ウェンカムイ(7)

 伊之助が茶室を出ると、外はすっかり暗くなっていた。彼は夕食の手伝いを思い出し、台所へと向かう。すると、墓守が竃の前で火の番をしていた。声をかけようとしたが、その前に彼がこちらを見上げた。その顔には生気が感じられなかった。

「さっきは、すまなかったな」

「いや、気にしてねぇよ」

伊之助の言葉に墓守は微笑む。自然な笑みだが、何処か無理をしているようにも感じられた。

「お前大丈夫か? 顔が青いぞ」

「……心配は、いらない。私の顔色が悪いのはいつものことだから」

 彼は皮肉混じりにそう言ったが、伊之助は住職の話を思い返して笑えなかった。

 今の墓守はただの不調のように見えるが、本当はウェンカムイに蝕まれつつあるのだ。

「そんなことより」

 話を変えるかのように、墓守はあるものを差し出す。
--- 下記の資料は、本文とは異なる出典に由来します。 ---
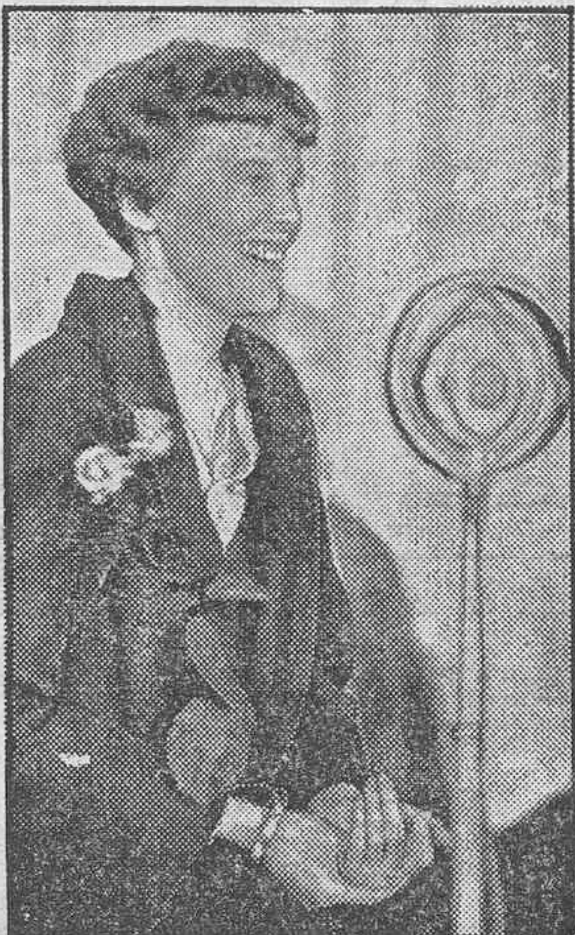
La célebre aviadora americana, miss Amelia Earhart, que va a emprender un vuelo alrededor del mundo, y que ha retrasado su viaje durante 24 horas a causa de los temporales desencadenados en Honolulu, sitio de partida.—El doctor Hugo Eckener, antiguo comandante del "Condé Zeppelin", que ha marchado a Londres para recibir la "medalla de oro" de la Real Sociedad Británica de Aeronáutica, por sus valiosas realizaciones en el campo de la navegación aérea.

Santa Cruz de Tenerife, 13 de marzo de 1937.
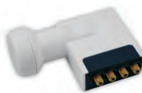
Vantage VT-Quad Art.-Nr. L1991 EAN: 4260097351614

Rauschmaß: 0,1 dB typ Feed Aufnahme: 40 mm Verpackung: im Karton Typ: VT-Quad
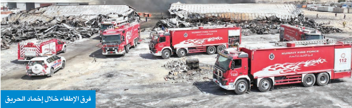
فرق الإطفاء خلال إخماد الحريق

وبأشرت الفرق مكافحة الحريق والسيطرة عليه ولم يسفر الحريق عن أي إصابات بشرية وقد اقتصرت الإضرار على محتويات المخزن.

それは、先程預かるという名目で奪われた木刀だった。

「これ、綺麗にしておいた」

 墓守から受け取り眺め回せば、確かに手垢塗れだった柄が新品のような輝きを見せている。玄人の伊之助が苦戦したそれをどう手入れしたのかと彼は首を捻る。

「すまねぇな、随分手こずっただろ?」

「いや、こちらこそ。大方、子供たちの誰かが引っ張り出してきたんだろう?」

「ああ。蔵にあったらしい。昔使われていたのか?」

 墓守はコクリと頷く。

「恵仁様のお弟子に勇猛果敢な僧がいたんだ。だが今は他の寺院に移り、そこで住職をしている」

 早口で説明しながら、墓守は伊之助を眺め回す。不安そうな目の色に、伊之助は怪訝な顔を見せる。

「……それで、お前は、何ともなかったか?」

「何とも?」

「何処か気持ち悪いとか、嫌な気分だとか。後は、背や肩がやけに重い、とか」

「いや、特には」

「それなら、良い」

 ふぅっと息を吐き、墓守は目線を竃に戻す。

「長々と悪かったな。具材を切ってくれないか」

「ああ、任せとけ」

 木刀を帯に差しながら、伊之助は並べられた野菜を見渡す。山を降りて仕入れたり、周辺の村から貰うというそれらは、そのままでも食べられそうなほど新鮮だ。

 伊之助は包丁を手に取りながら、そっと墓守の様子を伺う。揺らめく炎を見つめる彼の瞳は様々な感情を語っていた。